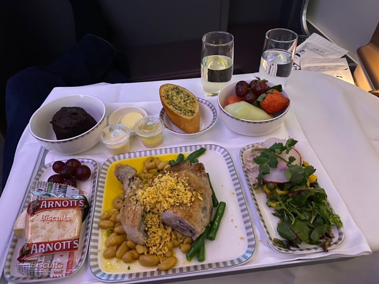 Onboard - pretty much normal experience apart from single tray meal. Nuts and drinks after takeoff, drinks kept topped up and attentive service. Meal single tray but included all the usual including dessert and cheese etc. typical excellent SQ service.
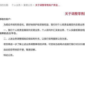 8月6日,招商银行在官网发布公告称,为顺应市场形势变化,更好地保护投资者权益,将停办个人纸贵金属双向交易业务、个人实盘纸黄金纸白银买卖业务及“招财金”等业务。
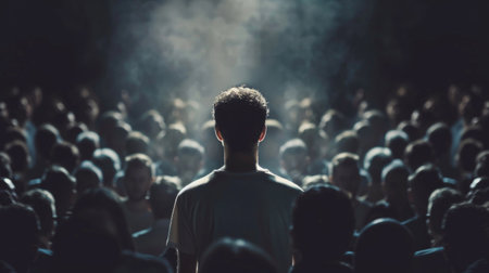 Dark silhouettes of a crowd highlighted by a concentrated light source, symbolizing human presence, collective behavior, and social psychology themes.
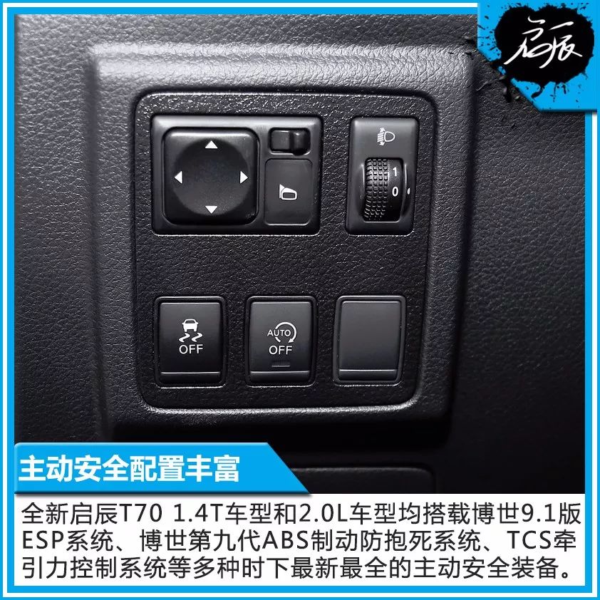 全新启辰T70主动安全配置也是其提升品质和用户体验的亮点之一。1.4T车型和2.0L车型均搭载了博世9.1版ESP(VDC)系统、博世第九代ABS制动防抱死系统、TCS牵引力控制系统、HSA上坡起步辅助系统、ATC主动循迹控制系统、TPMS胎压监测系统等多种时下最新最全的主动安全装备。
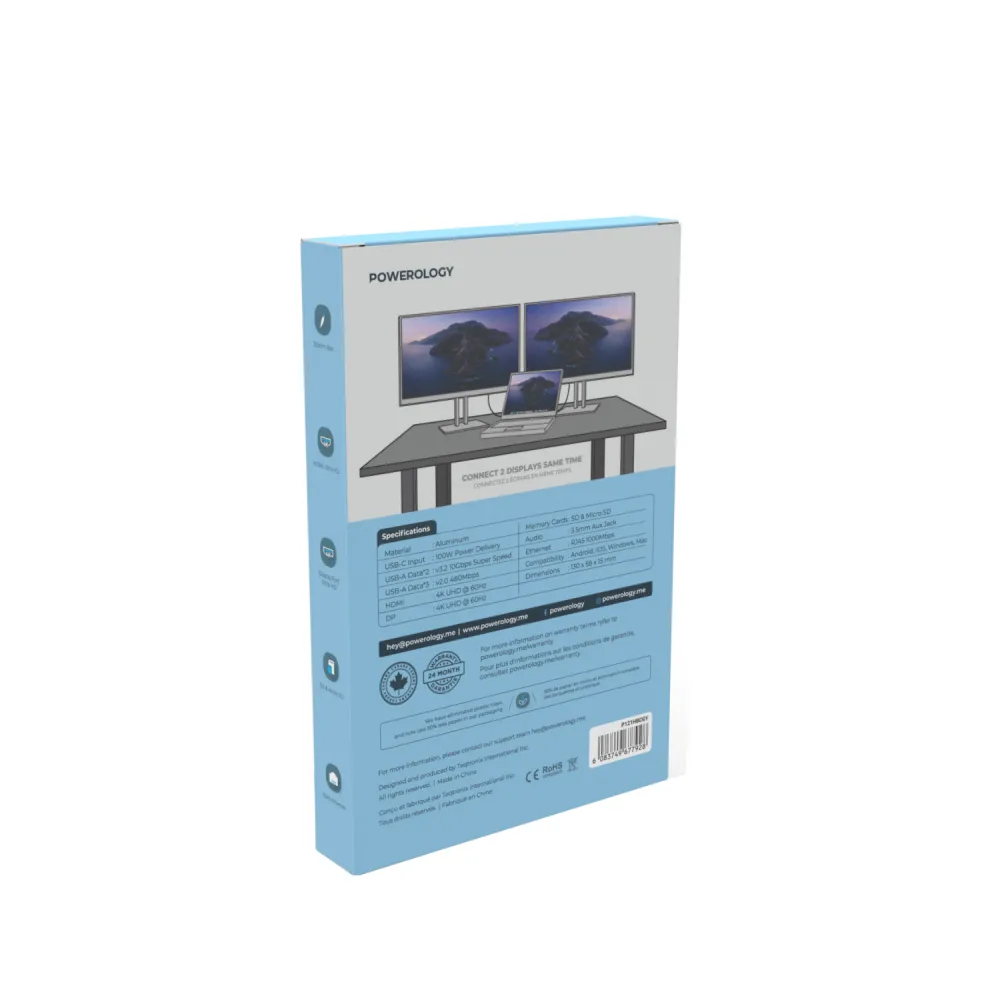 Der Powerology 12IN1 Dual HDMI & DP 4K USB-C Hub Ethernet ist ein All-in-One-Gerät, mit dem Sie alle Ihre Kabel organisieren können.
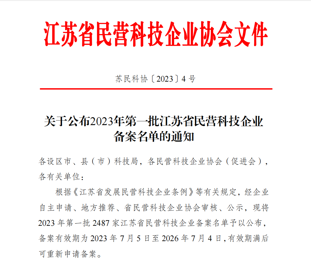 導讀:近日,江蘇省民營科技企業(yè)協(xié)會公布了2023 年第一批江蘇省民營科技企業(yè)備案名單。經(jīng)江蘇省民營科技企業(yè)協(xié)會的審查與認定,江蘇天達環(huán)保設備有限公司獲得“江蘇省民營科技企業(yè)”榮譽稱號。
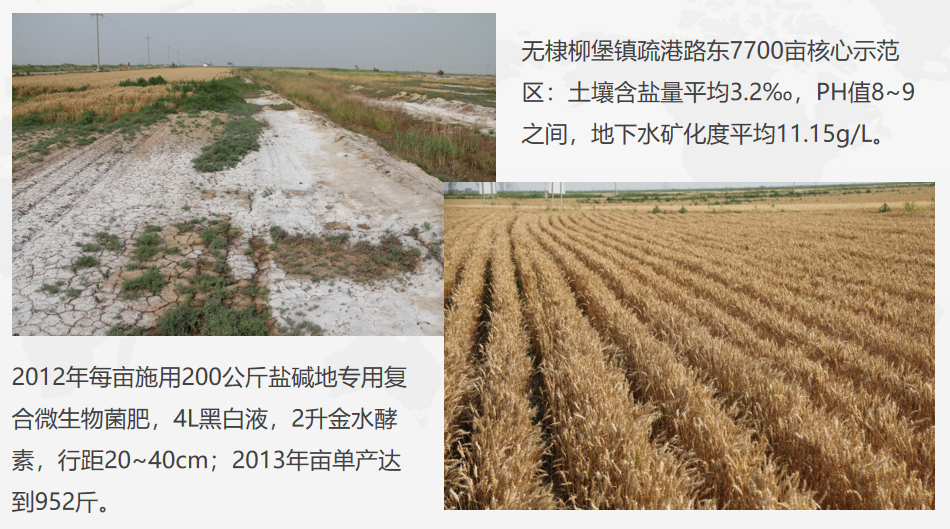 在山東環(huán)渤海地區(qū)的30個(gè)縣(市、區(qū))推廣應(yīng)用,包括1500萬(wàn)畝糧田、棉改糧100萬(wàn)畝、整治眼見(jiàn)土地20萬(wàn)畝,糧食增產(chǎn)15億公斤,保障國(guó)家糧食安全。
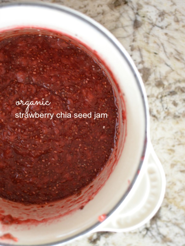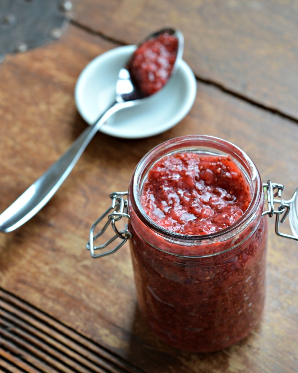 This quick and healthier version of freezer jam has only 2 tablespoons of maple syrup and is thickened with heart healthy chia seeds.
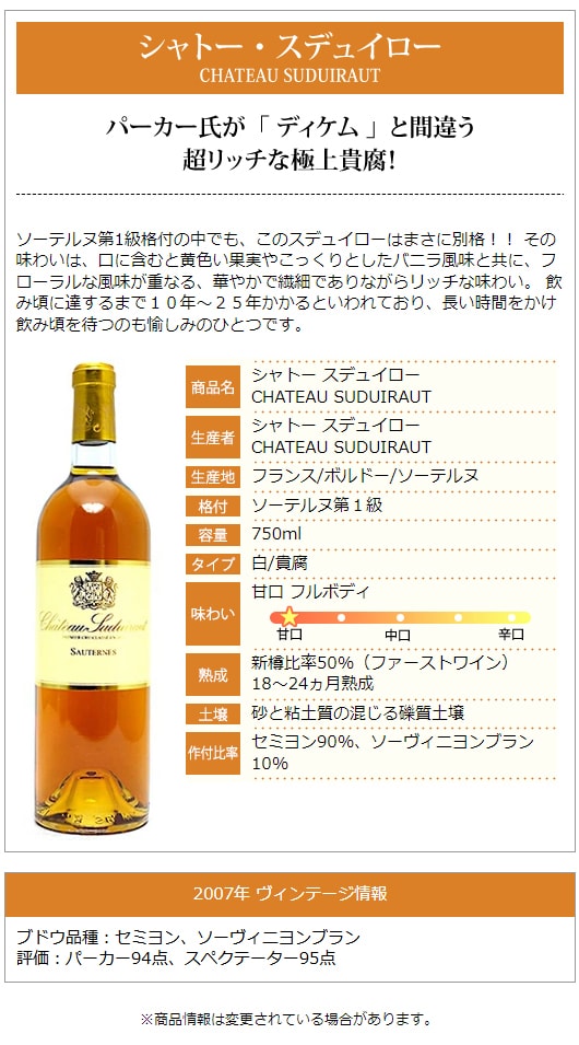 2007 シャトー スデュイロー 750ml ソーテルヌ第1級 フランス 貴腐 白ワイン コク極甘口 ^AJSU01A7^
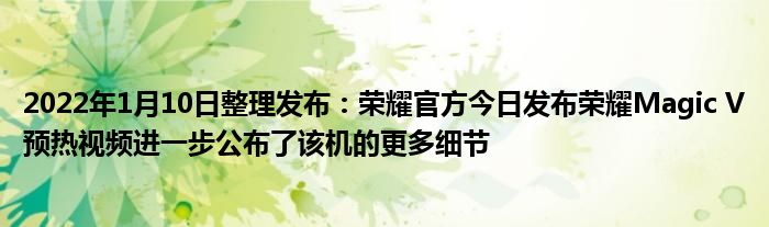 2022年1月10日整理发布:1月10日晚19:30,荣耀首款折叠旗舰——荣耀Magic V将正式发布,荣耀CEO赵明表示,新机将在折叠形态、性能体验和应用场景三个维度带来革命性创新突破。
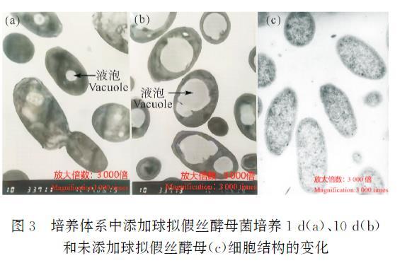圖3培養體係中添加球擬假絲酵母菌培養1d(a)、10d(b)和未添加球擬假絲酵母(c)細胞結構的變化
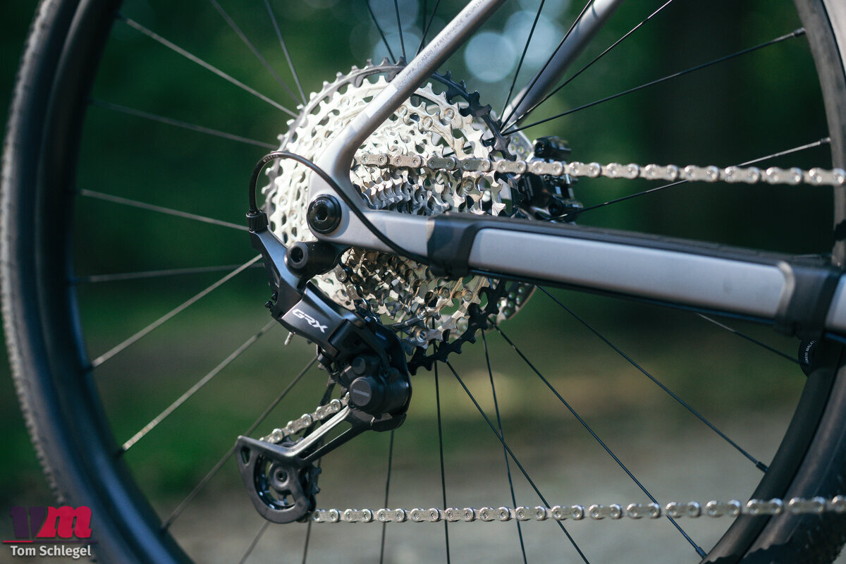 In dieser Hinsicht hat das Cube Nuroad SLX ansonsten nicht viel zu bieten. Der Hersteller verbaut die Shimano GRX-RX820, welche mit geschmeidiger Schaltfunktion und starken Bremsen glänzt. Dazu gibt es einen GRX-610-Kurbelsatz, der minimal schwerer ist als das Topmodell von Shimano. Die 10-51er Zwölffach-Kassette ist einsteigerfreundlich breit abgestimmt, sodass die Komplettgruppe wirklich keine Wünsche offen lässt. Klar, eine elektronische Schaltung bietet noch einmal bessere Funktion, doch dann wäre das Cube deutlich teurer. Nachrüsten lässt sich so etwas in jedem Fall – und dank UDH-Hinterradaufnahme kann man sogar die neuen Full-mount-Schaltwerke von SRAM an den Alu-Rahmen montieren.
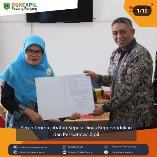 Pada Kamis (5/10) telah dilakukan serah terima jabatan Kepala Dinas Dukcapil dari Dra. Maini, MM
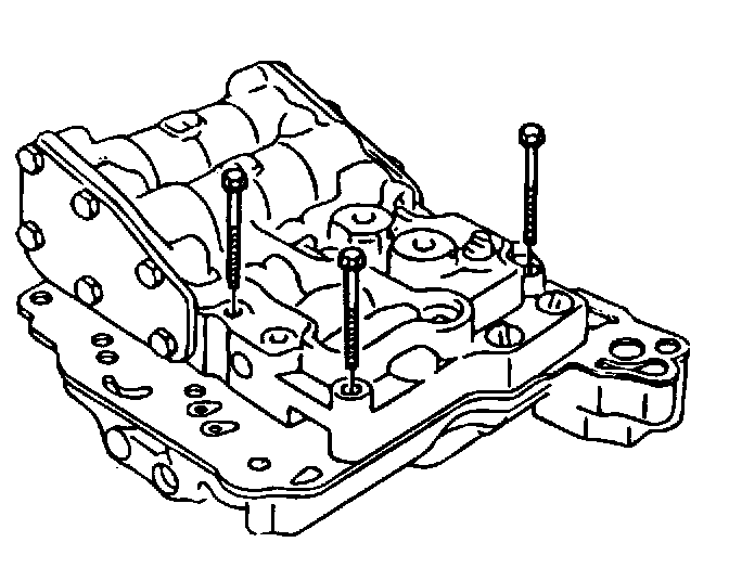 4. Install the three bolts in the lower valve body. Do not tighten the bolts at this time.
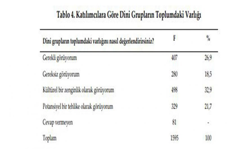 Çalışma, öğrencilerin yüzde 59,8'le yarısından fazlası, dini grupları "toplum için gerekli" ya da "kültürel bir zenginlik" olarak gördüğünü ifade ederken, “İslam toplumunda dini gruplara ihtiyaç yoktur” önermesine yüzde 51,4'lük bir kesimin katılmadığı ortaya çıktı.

● WORK ITEM:
Please write out all the data word for word, but keep every picture out.

● YOUR SOLUTION:
 Onboard - pretty much normal experience apart from single tray meal. Nuts and drinks after takeoff, drinks kept topped up and attentive service. Meal single tray but included all the usual including dessert and cheese etc. typical excellent SQ service.
 8月6日,招商银行在官网发布公告称,为顺应市场形势变化,更好地保护投资者权益,将停办个人纸贵金属双向交易业务、个人实盘纸黄金纸白银买卖业务及“招财金”等业务。
 Dark silhouettes of a crowd highlighted by a concentrated light source, symbolizing human presence, collective behavior, and social psychology themes.
 全新启辰T70主动安全配置也是其提升品质和用户体验的亮点之一。1.4T车型和2.0L车型均搭载了博世9.1版ESP(VDC)系统、博世第九代ABS制动防抱死系统、TCS牵引力控制系统、HSA上坡起步辅助系统、ATC主动循迹控制系统、TPMS胎压监测系统等多种时下最新最全的主动安全装备。
 Der Powerology 12IN1 Dual HDMI & DP 4K USB-C Hub Ethernet ist ein All-in-One-Gerät, mit dem Sie alle Ihre Kabel organisieren können.
 導讀:近日,江蘇省民營科技企業(yè)協(xié)會公布了2023 年第一批江蘇省民營科技企業(yè)備案名單。經(jīng)江蘇省民營科技企業(yè)協(xié)會的審查與認定,江蘇天達環(huán)保設備有限公司獲得“江蘇省民營科技企業(yè)”榮譽稱號。
 在山東環(huán)渤海地區(qū)的30個(gè)縣(市、區(qū))推廣應(yīng)用,包括1500萬(wàn)畝糧田、棉改糧100萬(wàn)畝、整治眼見(jiàn)土地20萬(wàn)畝,糧食增產(chǎn)15億公斤,保障國(guó)家糧食安全。
 This quick and healthier version of freezer jam has only 2 tablespoons of maple syrup and is thickened with heart healthy chia seeds.
 2007 シャトー スデュイロー 750ml ソーテルヌ第1級 フランス 貴腐 白ワイン コク極甘口 ^AJSU01A7^
 2022年1月10日整理发布:1月10日晚19:30,荣耀首款折叠旗舰——荣耀Magic V将正式发布,荣耀CEO赵明表示,新机将在折叠形态、性能体验和应用场景三个维度带来革命性创新突破。
圖3培養體係中添加球擬假絲酵母菌培養1d(a)、10d(b)和未添加球擬假絲酵母(c)細胞結構的變化
 In dieser Hinsicht hat das Cube Nuroad SLX ansonsten nicht viel zu bieten. Der Hersteller verbaut die Shimano GRX-RX820, welche mit geschmeidiger Schaltfunktion und starken Bremsen glänzt. Dazu gibt es einen GRX-610-Kurbelsatz, der minimal schwerer ist als das Topmodell von Shimano. Die 10-51er Zwölffach-Kassette ist einsteigerfreundlich breit abgestimmt, sodass die Komplettgruppe wirklich keine Wünsche offen lässt. Klar, eine elektronische Schaltung bietet noch einmal bessere Funktion, doch dann wäre das Cube deutlich teurer. Nachrüsten lässt sich so etwas in jedem Fall – und dank UDH-Hinterradaufnahme kann man sogar die neuen Full-mount-Schaltwerke von SRAM an den Alu-Rahmen montieren.
 Pada Kamis (5/10) telah dilakukan serah terima jabatan Kepala Dinas Dukcapil dari Dra. Maini, MM
 4. Install the three bolts in the lower valve body. Do not tighten the bolts at this time.
 Çalışma, öğrencilerin yüzde 59,8'le yarısından fazlası, dini grupları "toplum için gerekli" ya da "kültürel bir zenginlik" olarak gördüğünü ifade ederken, “İslam toplumunda dini gruplara ihtiyaç yoktur” önermesine yüzde 51,4'lük bir kesimin katılmadığı ortaya çıktı.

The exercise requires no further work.